ToolExecutionMode.PARALLEL(the default mode via NONE) does not actually execute tools in parallel. The ADK Javadoc explicitly contracts that PARALLEL runs multiple tools concurrently, but the implementation in Functions.handleFunctionCalls() uses concatMapEager without subscribeOn(Schedulers.io()). For any tool that performs blocking I/O (e.g. Spring RestClient, JDBC, any synchronous HTTP client), this results in strictly sequential execution — the calling thread is held for the full duration of each tool call before the next subscription can begin.
===================================================================================
Steps to Reproduce:
Create an LlmAgent with 2+ tools that perform blocking HTTP calls (e.g.

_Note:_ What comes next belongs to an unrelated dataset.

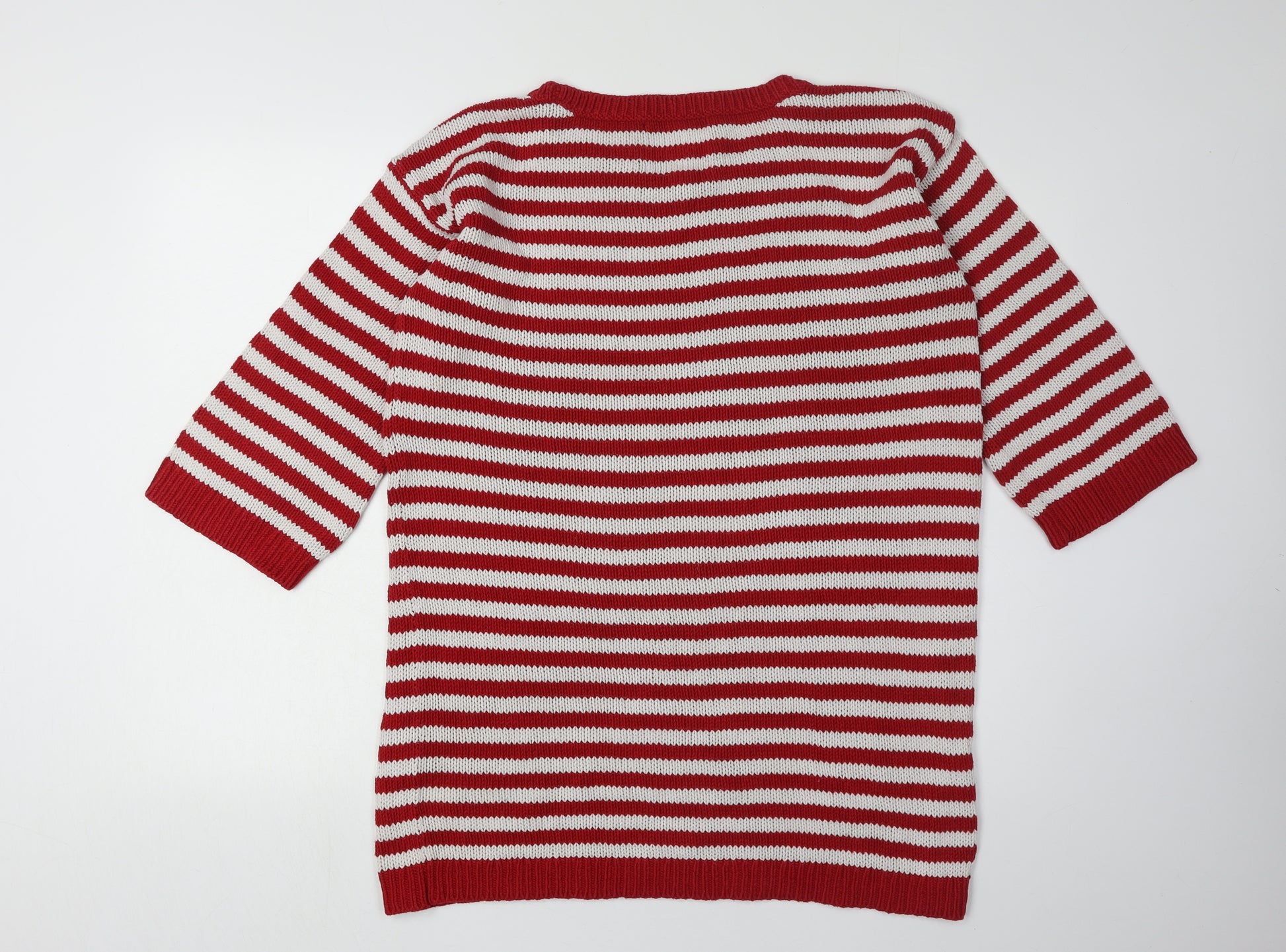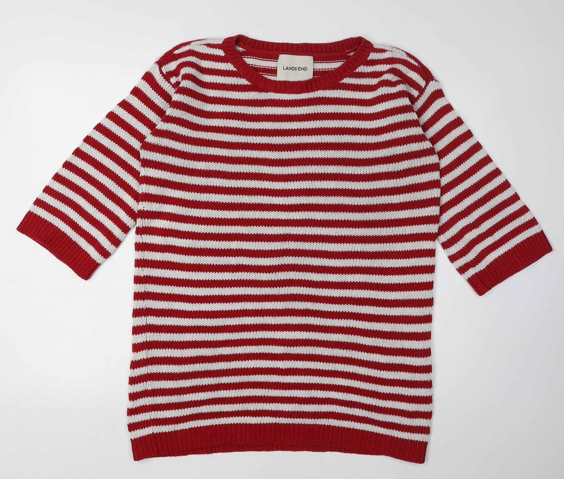 Capture a classic yet playful look with this Lands' End Women's Striped Pullover Jumper. Perfect for casual outings, this medium-sized jumper features a vibrant red and white striped pattern that makes a bold statement. Crafted from a comfortable blend of cotton and acrylic, this knit jumper offers softness and flexibility, ensuring comfort throughout the day. The crew neck design is both timeless and flattering, while the 3/4 sleeves provide a stylish touch that's perfect for changing weather conditions. Whether you're meeting friends for coffee or heading to a casual luncheon, this jumper is versatile enough to suit a variety of occasions. Pair it with your favourite jeans or a chic skirt to complete the look. In excellent condition, with no visible wear or damage, this jumper is a fantastic addition to any wardrobe. Embrace the combination of style and comfort and make this Lands' End pullover your go-to choice for casual outings.

Spring RestClient.retrieve().body(...))
Use the default RunConfig (ToolExecutionMode.NONE, which Javadoc states defaults to PARALLEL)
Send a user message that causes the LLM to return multiple tool calls in a single response (e.g. "compare laptops and phones" → LLM emits 2 simultaneous searchForProducts calls)
Measure total tool execution wall-clock time
Expected: Wall time ≈ single tool RTT (~900 ms) Observed: Wall time ≈ N × single tool RTT (~900 ms × N, sequential
===================================================================================
Expected Behavior:
When the LLM returns multiple tool calls in a single response and ToolExecutionMode is PARALLEL (or NONE, which defaults to PARALLEL per Javadoc), all tool calls should be dispatched concurrently to separate threads. Total latency should be bounded by the slowest individual tool call, not the sum of all tool call latencies.
The RunConfig Javadoc states:
Observed Behavior:
Tools execute sequentially regardless of ToolExecutionMode. Root cause is in Functions.handleFunctionCalls():
// google-adk 0.7.0 — Functions.java
Observable functionResponseEventsObservable;
if (invocationContext.runConfig().toolExecutionMode() == ToolExecutionMode.SEQUENTIAL) {
functionResponseEventsObservable =
Observable.fromIterable(functionCalls).concatMapMaybe(functionCallMapper);
} else {
// PARALLEL and NONE both reach this branch — but concatMapEager without
// subscribeOn(Schedulers.io()) is still sequential with blocking tools:
functionResponseEventsObservable =
Observable.fromIterable(functionCalls)
.concatMapEager(call -> functionCallMapper.apply(call).toObservable());
// ↑ No subscribeOn() → all subscriptions happen on the same calling thread
// → blocking I/O inside each tool stalls the next subscription
}
concatMapEager subscribes to all inner observables eagerly, but without subscribeOn(Schedulers.io()), every subscription executes synchronously on the ADK calling thread. A blocking RestClient.body() call inside a tool holds that thread for ~900 ms, preventing the next tool from being subscribed until the current one completes.
No error or stack trace is produced — the code runs correctly but sequentially, making this a silent correctness bug.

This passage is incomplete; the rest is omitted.